[WHAT THE TASK REQUIRES]: Reproduce the entries that follow exactly. No picture should appear in the result.

-------- ENTRIES SUPPLIED --------

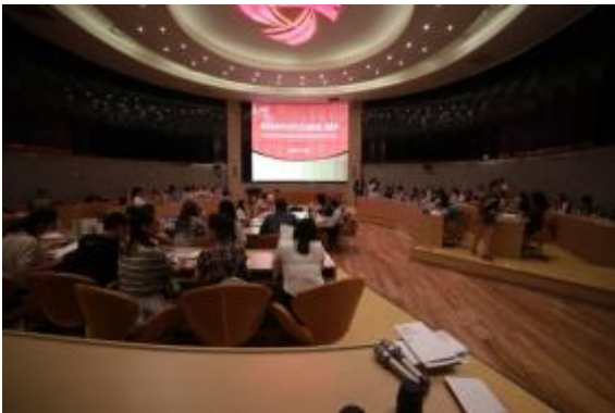
Visite et échange chez Sanpower

Un autre jour, on a eu plusieurs interventions de créateurs d'entreprises partageant leur expérience et nous délivrant de précieux conseils.
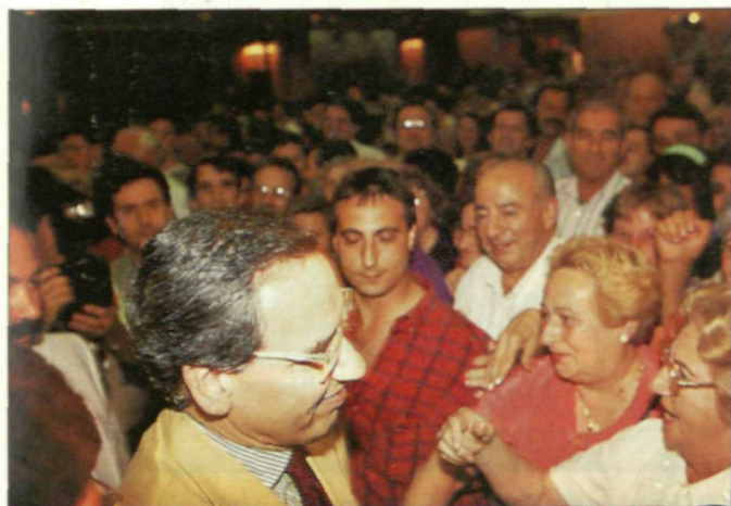
El vicesecretario general de PSOE, Alfonso Guerra, también fue objeto del afecto de los presentes en la fiesta

respuesta al reto que suponían los recientes comicios, el secretario general del PSOE alentó a los militantes socialistas a permanecer atentos y seguir trabajando en los próximos años, afirmando que «esta legislatura nos va a exigir mucha apertura, mucho contacto con los ciudadanos y muchas explicaciones». De acuerdo con esta previsión, González no ocultó que «esta legislatura va a ser difícil», aun cuando aseguró que si mantiene la apertura y la cercanía necesarias al resto de la sociedad, el PSOE estará en «mejores circunstancias dentro de cuatro años, cuando tengamos que hacer otra confrontación electoral».
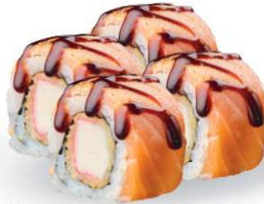
229 KAYI MAKI Tempura de surimi*, salmón* salteado
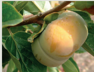
Figura 2 - Fruto da cultivar Fuyu
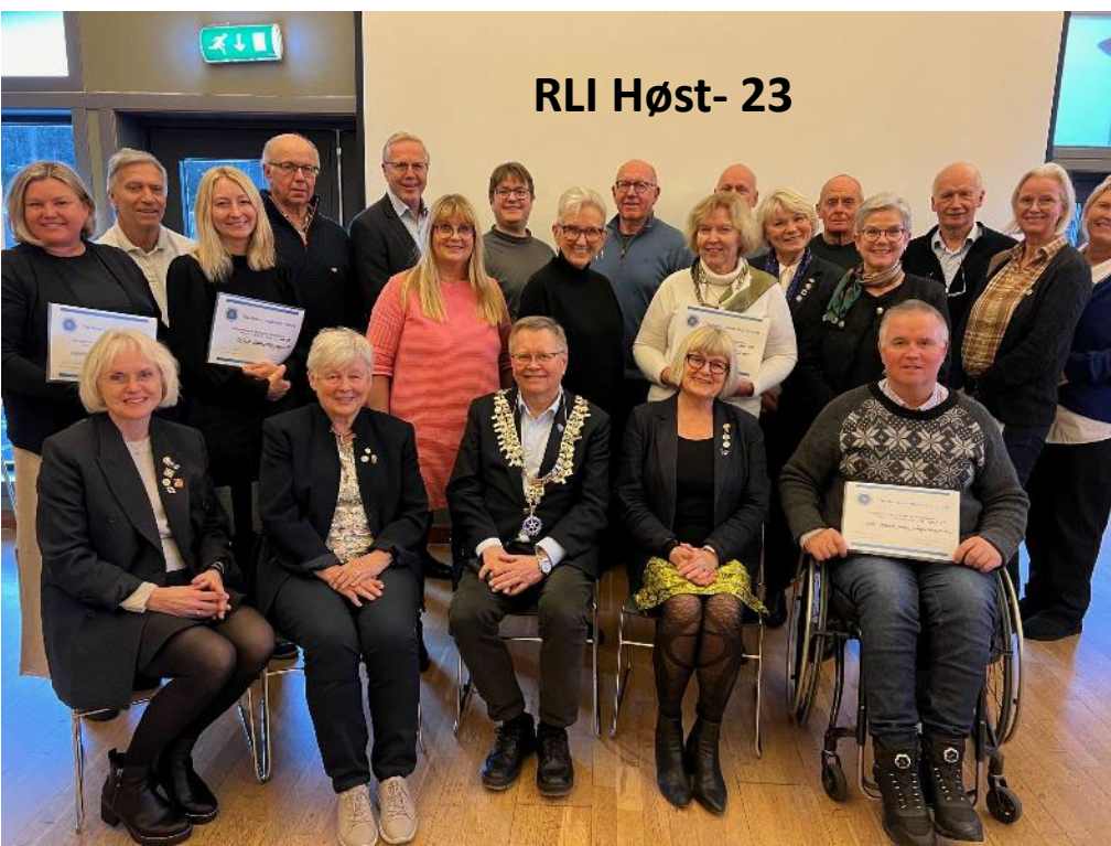
RLI Høst- 23

--------

[ANSWER SPACE]:
Visite et échange chez Sanpower

Un autre jour, on a eu plusieurs interventions de créateurs d'entreprises partageant leur expérience et nous délivrant de précieux conseils.
El vicesecretario general de PSOE, Alfonso Guerra, también fue objeto del afecto de los presentes en la fiesta

respuesta al reto que suponían los recientes comicios, el secretario general del PSOE alentó a los militantes socialistas a permanecer atentos y seguir trabajando en los próximos años, afirmando que «esta legislatura nos va a exigir mucha apertura, mucho contacto con los ciudadanos y muchas explicaciones». De acuerdo con esta previsión, González no ocultó que «esta legislatura va a ser difícil», aun cuando aseguró que si mantiene la apertura y la cercanía necesarias al resto de la sociedad, el PSOE estará en «mejores circunstancias dentro de cuatro años, cuando tengamos que hacer otra confrontación electoral».
229 KAYI MAKI Tempura de surimi*, salmón* salteado
Figura 2 - Fruto da cultivar Fuyu
RLI Høst- 23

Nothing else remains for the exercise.